Class MongoTableProvider

  • All Implemented Interfaces:
    TableProvider, DataSourceRegister

    public final class MongoTableProvider
    extends java.lang.Object
    implements TableProvider, DataSourceRegister
    The MongoDB collection provider

    Note that: TableProvider can only apply data operations to existing tables, like read, append, delete, and overwrite. It does not support the operations that require metadata changes, like create/drop tables. // TODO support table creation and dropping on write.

    The major responsibility of this interface is to return a MongoTable for read/write.

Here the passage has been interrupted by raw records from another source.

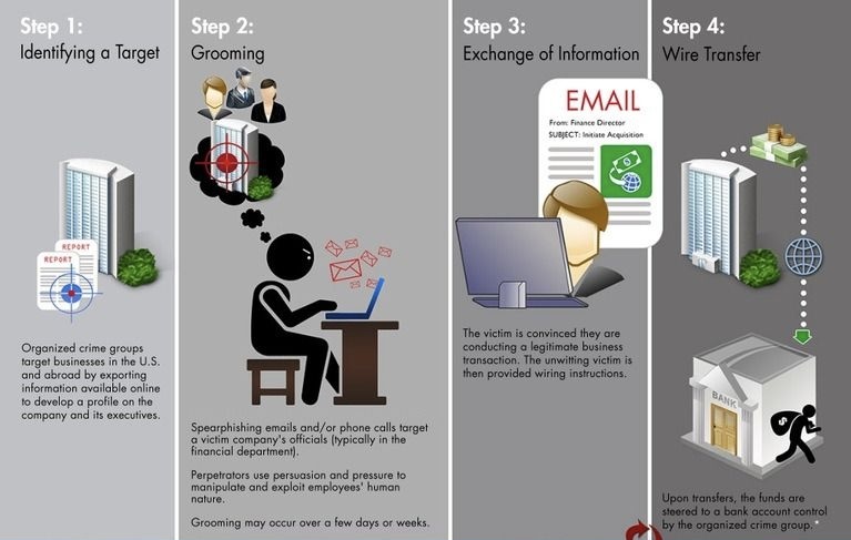 މިފަދަ ސްކޭމްތަކުގައި ކުށްވެރިން އީމެއިލް ފޮނުވަނީ އިތުބާރުކުރެވޭ ފަރާތްތަކަށް ވެގެންނެވެ. އޭގެ ތެރޭގައި ކުންފުނިތަކުގެ ސީ.އީ.އޯގެ ނަމުގައި ގިފްޓް ކާޑު ގަތުމަށް އެދުމާއި، ސަޕްލަޔަރުންގެ ނަމުގައި ބޭންކު އެކައުންޓު ބަދަލުވިކަމަށް ބުނެ މެސެޖު ފޮނުވުން ހިމެނެއެވެ.
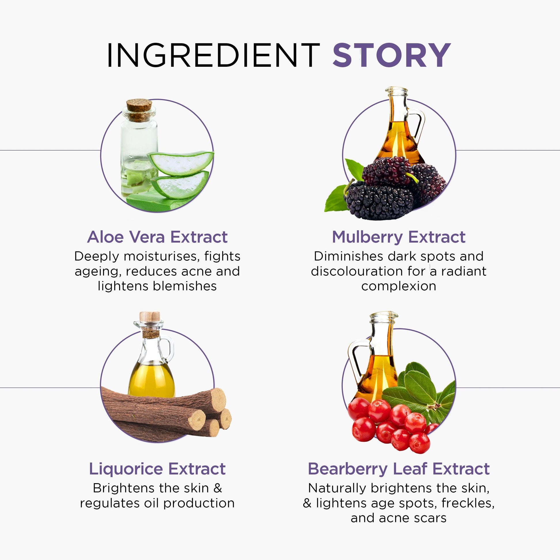 - Aloe Vera Extract, Mulberry Extract, Liquorice Extract
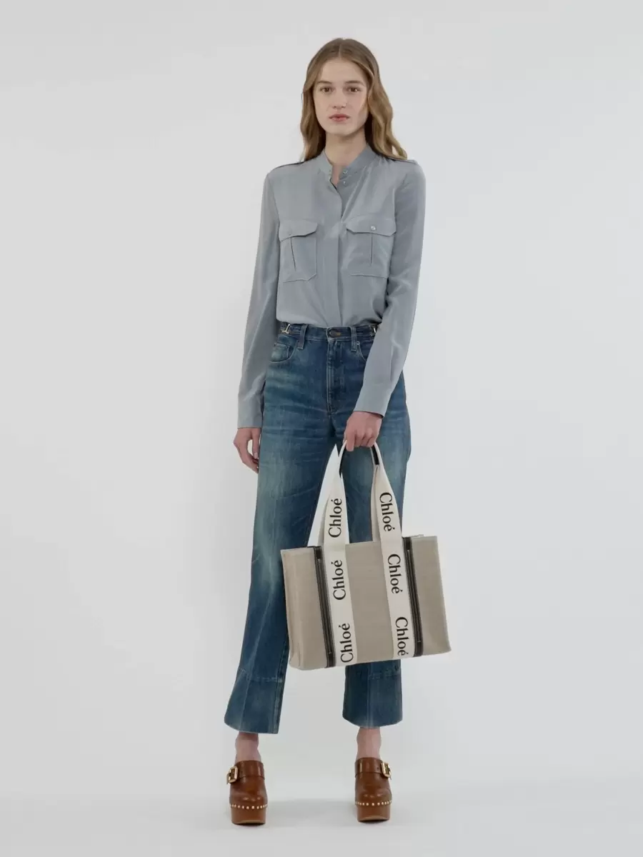 Tote bag in linen canvas & shiny calfskin with Chloé logo
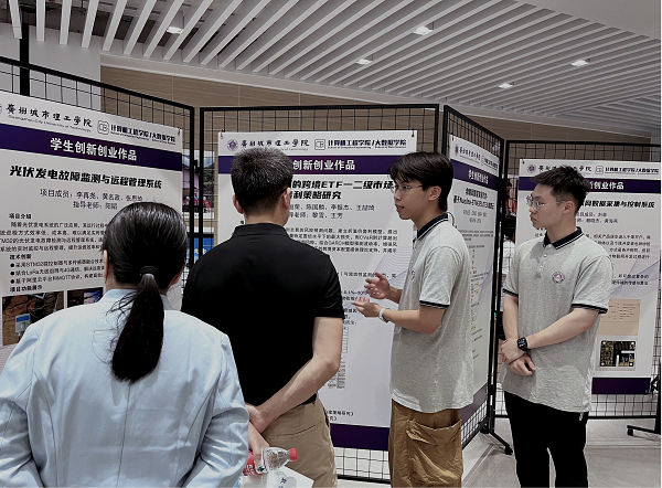 学生向企业嘉宾展示创新创业作品(学院团委宣传部 摄)
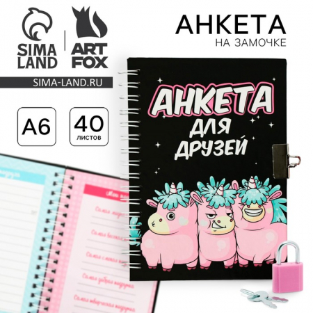 Анкета на замочке, в твердой обложке А6, 40 листов «Все друзья в сборе» (арт. 4972952)
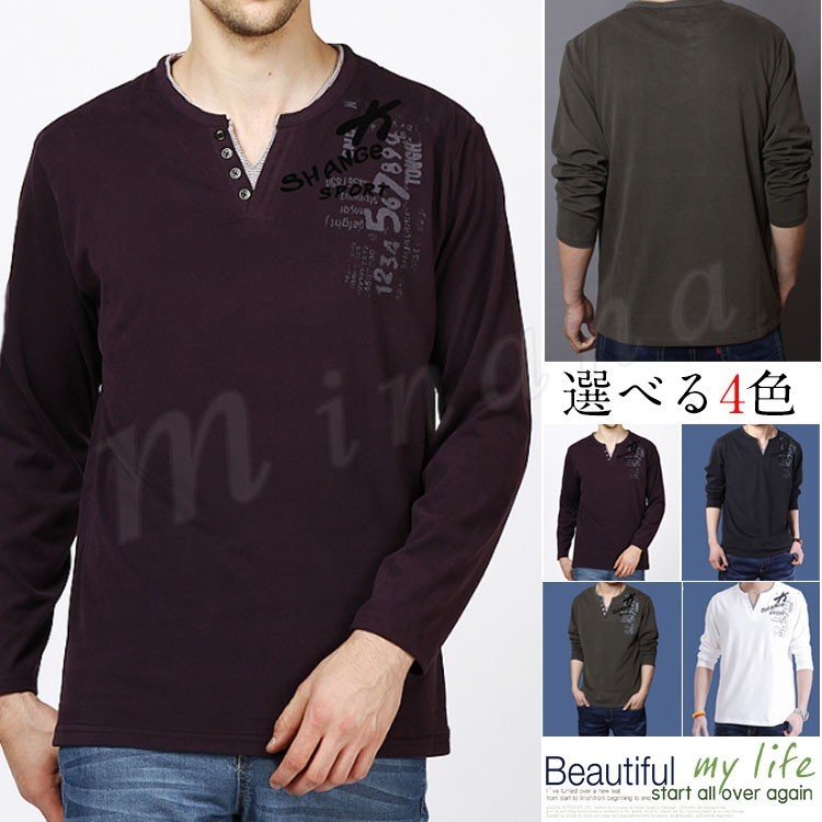 2018秋新作 Tシャツ メンズ 長袖 プリント Vネック tシャツ カジュアル かっこいい トップス 春秋 きれいめ 男性用 おしゃれ
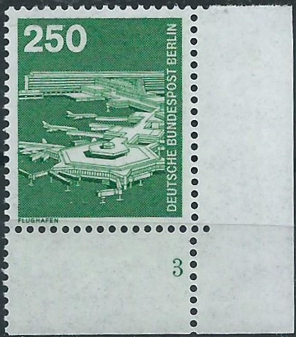 der Wert Industrie und Technik zu 250 Pf als postfrisches rechtes Eckrandstück mit Formnummer 3:
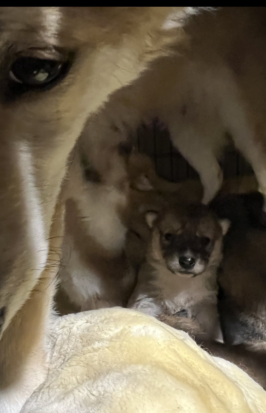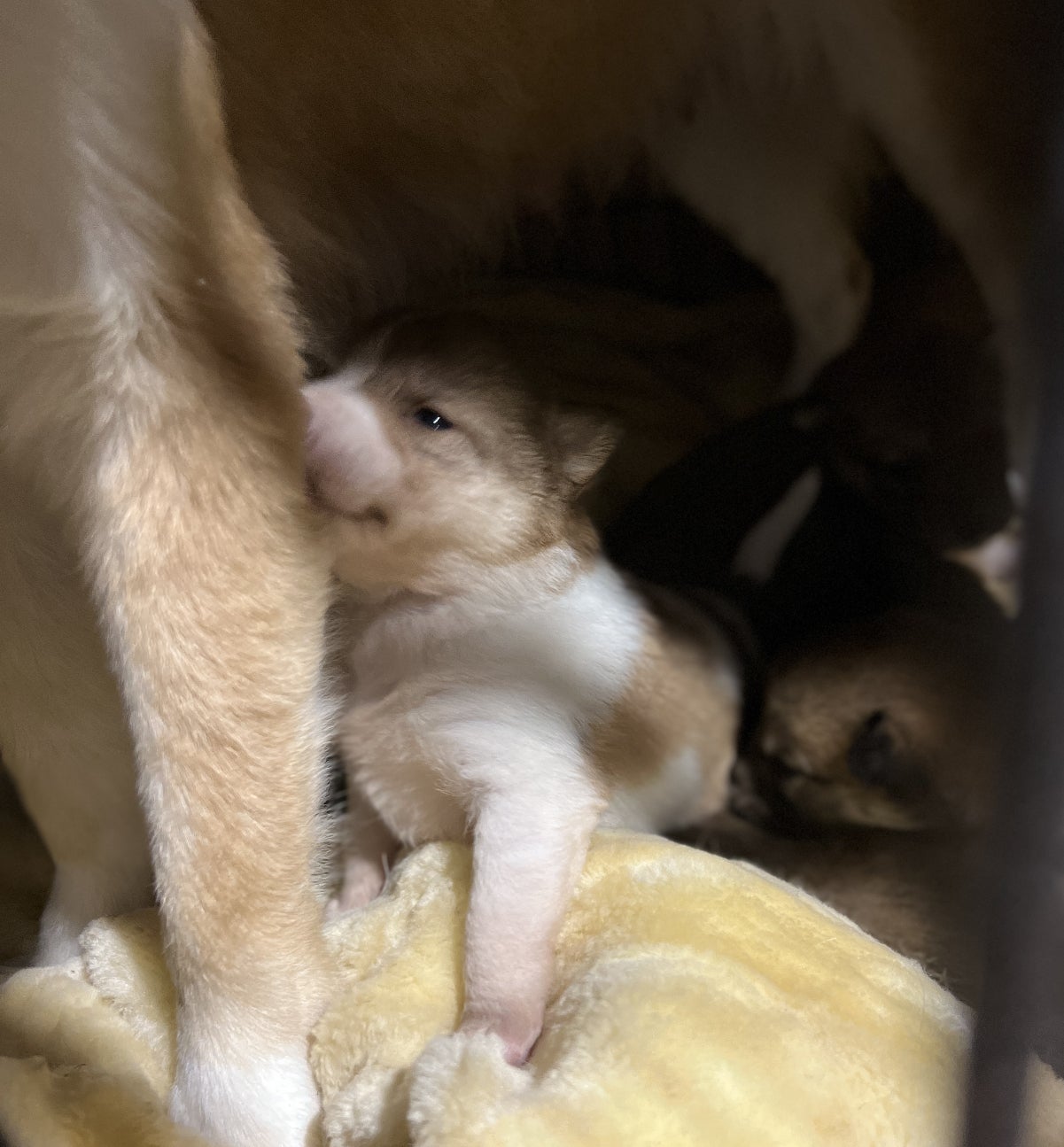 手前左に見えるのはママわんちゃんの前の左足です。
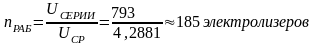 Число работающих электролизеров определяется UСР и UПРЕОБРАЗОВАТЕЛЯ. Для серии электролизеров выпрямительный агрегат имеет U = 850 в. Учитываются потери напряжения в шинопроводах подстанции, принимаем 1%. Резерв напряжения при снижении I при анодном эффекте принимаем 40 в. Резерв напряжения для компенсации колебаний напряжения во внешней электросети 1%. При этом напряжение серии составит:
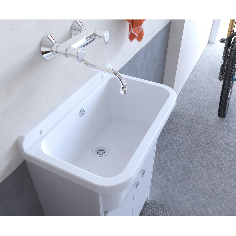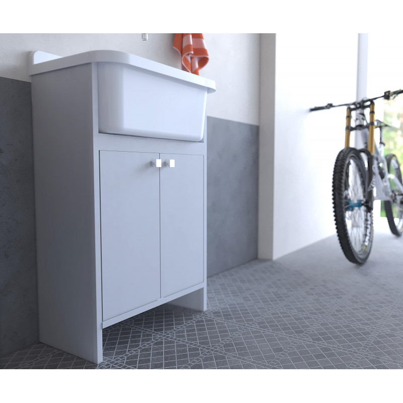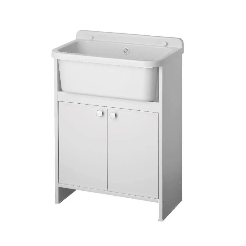 Lavatoio con mobile, bianco da esterno e interno 55x34 cm – compatto in PVC e polipropilene – kit montaggio – Negrari
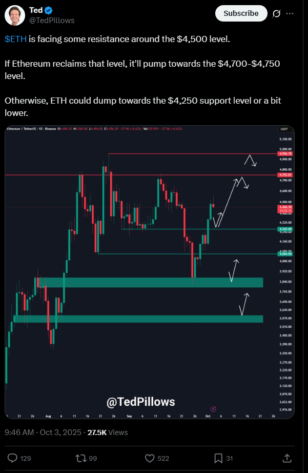 Az ő elemzése szerint, ha sikerül visszahódítani ezt a szintet, az árfolyam gyorsan a 4700–4750 dolláros tartomány felé törhet.
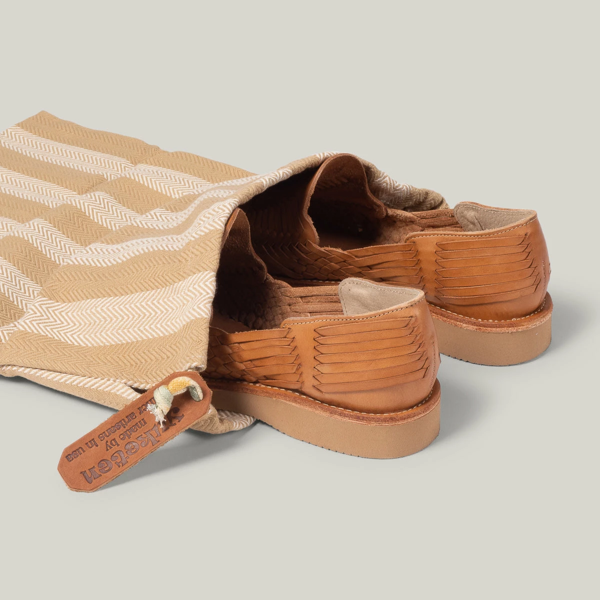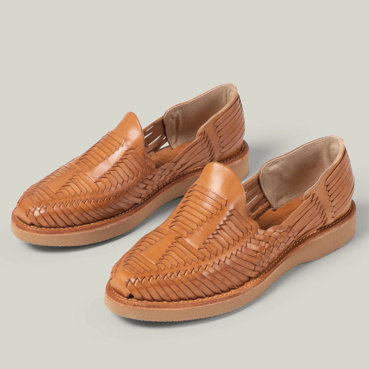Yuketen’s Alejandro design is a classic slip-on design inspired by a primitive Mexican huarache style. Each pair of Yuketen huaraches is handcrafted in Mexico by highly skilled indigenous artisans using traditional huarache construction techniques. Each of the upper leathers are hand-dyed, and entirely hand-cut and hand-woven using Yuketen’s original vegetable-tanned leather, which will give it a lovely patina in time. You can always speed up this process with a little boot oil and sunshine!
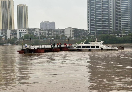 4月7日9时许,永州市水运事务中心接到冷水滩舟桥管理部门求救电话,称一截舟桥由于水流速度较快,漂移至潇湘大桥下游大概500米处。此时冷水滩水位到达94.7米,接近警戒水位95米,水流湍急,舟桥还在继续漂移,即将给下游桥梁和电站带来安全威胁。
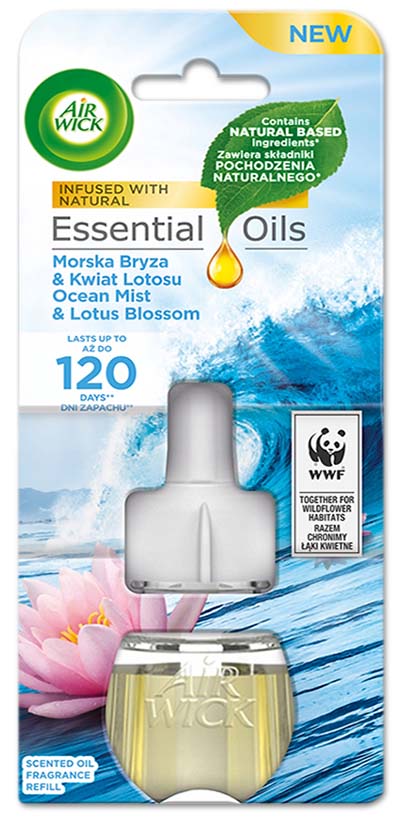 ✔️ Zapach Air Wick Morska Bryza i Kwiat Lotosu należy do kolekcji Essential Oils której kompozycje zapachowe zostały zainspirowane naturalnymi esencjami pochodzącymi z owoców, kwiatów i roślin, aby stworzyć wyjątkowy nastrój w Twoim domu.
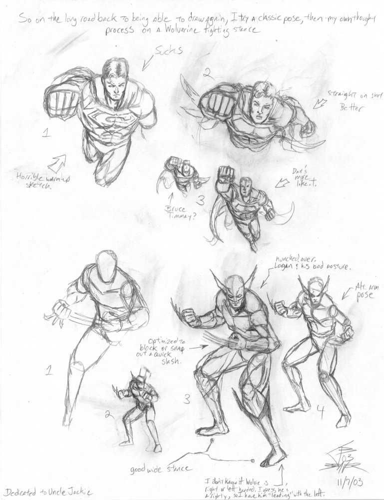 Just sketches of Superman and Wolverine here. These are two of those characters that look horrible if you don't get their sense of posing right. Sure, you can put your own twist on things. But people have known these characters for years and all attempts to sidestep making them look Supermannish or Wolveriny lead straight to faliure. Not that mine are all that great, but that's just what I was working towards.

    Also registers a shortname for use via the services api: spark.read().format("mongodb").load();

    • Constructor Detail

      • MongoTableProvider

        public MongoTableProvider()
        Construct a new instance
    • Method Detail

      • inferSchema

        public StructType inferSchema​(CaseInsensitiveStringMap options)
        Infer the schema of the table identified by the given options.
        Specified by:
        inferSchema in interface TableProvider
        Parameters:
        options - an immutable case-insensitive string-to-string map that can identify a table, e.g. file path, Kafka topic name, etc.
      • getTable

        public Table getTable​(StructType schema,
                              Transform[] partitioning,
                              java.util.Map<java.lang.String,​java.lang.String> properties)
        Return a Table instance with the specified table schema, partitioning and properties to do read/write. The returned table should report the same schema and partitioning with the specified ones, or Spark may fail the operation.
        Specified by:
        getTable in interface TableProvider
        Parameters:
        schema - The specified table schema.
        partitioning - The specified table partitioning.
        properties - The specified table properties. It's case preserving (contains exactly what users specified) and implementations are free to use it case sensitively or insensitively. It should be able to identify a table, e.g. file path, Kafka topic name, etc.
      • supportsExternalMetadata

        public boolean supportsExternalMetadata()
        Returns true if the source has the ability of accepting external table metadata when getting tables. The external table metadata includes: 1. For table reader: user-specified schema from `DataFrameReader`/`DataStreamReader` and schema/partitioning stored in Spark catalog. 2. For table writer: the schema of the input `Dataframe` of `DataframeWriter`/`DataStreamWriter`.
        Specified by:
        supportsExternalMetadata in interface TableProvider